Full Stack Navigation, Mapping, and Planning for the Lunar Autonomy Challenge
This addresses the problem of autonomous navigation for lunar robotics in challenging conditions, representing a strong domain-specific application.
The authors tackled lunar surface navigation and mapping in a GNSS-denied environment by developing a modular autonomy system, achieving first place in the Lunar Autonomy Challenge with centimeter-level localization accuracy and high-fidelity map generation.

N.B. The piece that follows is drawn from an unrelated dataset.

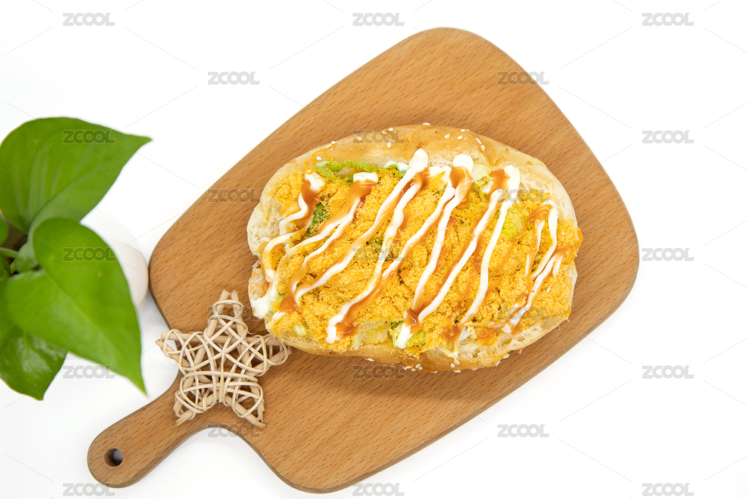 白背景烘焙美食肉松芝士面包

We present a modular, full-stack autonomy system for lunar surface navigation and mapping developed for the Lunar Autonomy Challenge. Operating in a GNSS-denied, visually challenging environment, our pipeline integrates semantic segmentation, stereo visual odometry, pose graph SLAM with loop closures, and layered planning and control. We leverage lightweight learning-based perception models for real-time segmentation and feature tracking and use a factor-graph backend to maintain globally consistent localization. High-level waypoint planning is designed to promote mapping coverage while encouraging frequent loop closures, and local motion planning uses arc sampling with geometric obstacle checks for efficient, reactive control. We evaluate our approach in the competition's high-fidelity lunar simulator, demonstrating centimeter-level localization accuracy, high-fidelity map generation, and strong repeatability across random seeds and rock distributions. Our solution achieved first place in the final competition evaluation.